22526 School-Based Vaccination Surveys of Kindergarten Children: The Importance of a Standardized Methodology

Tuesday, April 20, 2010
Grand Hall
Ebony Thomas, MPH , VPD Epidemiologist, Division of Public Health

Background: Annually, school-based surveys are conducted to assess vaccination coverage rates among children entering school.  Currently, these surveys provide the most comprehensive assessment of vaccination coverage rates among kindergarten children because the assessment includes all states.  Using schools as the sampling frame has the advantage of providing coverage estimates in a cohort with close contact and therefore at an increased risk of disease transmission if left unvaccinated. Although all states conduct the kindergarten vaccination surveys, there is no standardized methodology across states.

Setting: U.S. 50 states and the District of Columbia (DC)

Population: Immunization programs in all 50 states and DC were surveyed about their methods for assessing vaccination coverage among kindergarteners.

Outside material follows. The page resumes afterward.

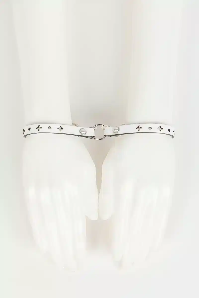 T-Strap Mogelijkheden: Handboeien, Halsband of Leiband en zelfs te gebruiken als een leren Kattenstaart wanneer bevestigd aan de achterkant van een van onze leren jarretels.
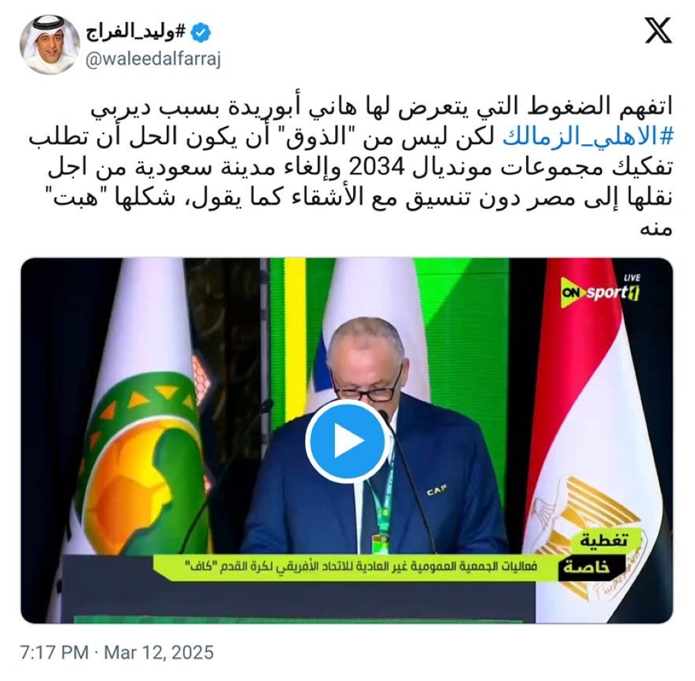 وفي هذا السياق، علّق الإعلامي الرياضي السعودي وليد الفراج على الأمر، قائلاً: «أتفهم الضغوط التي يتعرض لها هاني أبو ريدة بسبب ديربي الأهلي والزمالك، لكن ليس من المنطقي أن يكون الحل اقتراح تعديل توزيع مجموعات مونديال 2034 دون تنسيق مسبق مع الأشقاء في المملكة. مثل هذه الطلبات تحتاج إلى إجراءات واضحة وتفاهمات مسبقة».

Project Description: Annually, the Centers for Disease Control and Prevention (CDC) requires states and DC to review immunization records of children entering school in the fall, report the methodology used to collect the data and calculate vaccination coverage rates. These data are based on self-reports by the states and DC. The objectives of this poster are to present the current methodologies used by states to conduct their annual school-based vaccination survey and suggest ways to standardize this methodology in order to collect improved school vaccination data.  Standardization includes ensuring that the data source is a provider (physician, clinic, registry) and the methodology across states is comparable in other respects (sampling, timing, etc.). 

Results/Lessons Learned: Methodologies used to conduct school-based vaccination surveys need to be standardized across states and DC to obtain data that is comparable across states.  After reviewing the results, we have been able to identify areas for improvement in order to achieve comparability.  We have also been able to identify barriers for achieving standardized school vaccination assessment methodology across states (e.g., FERPA, resource constraints).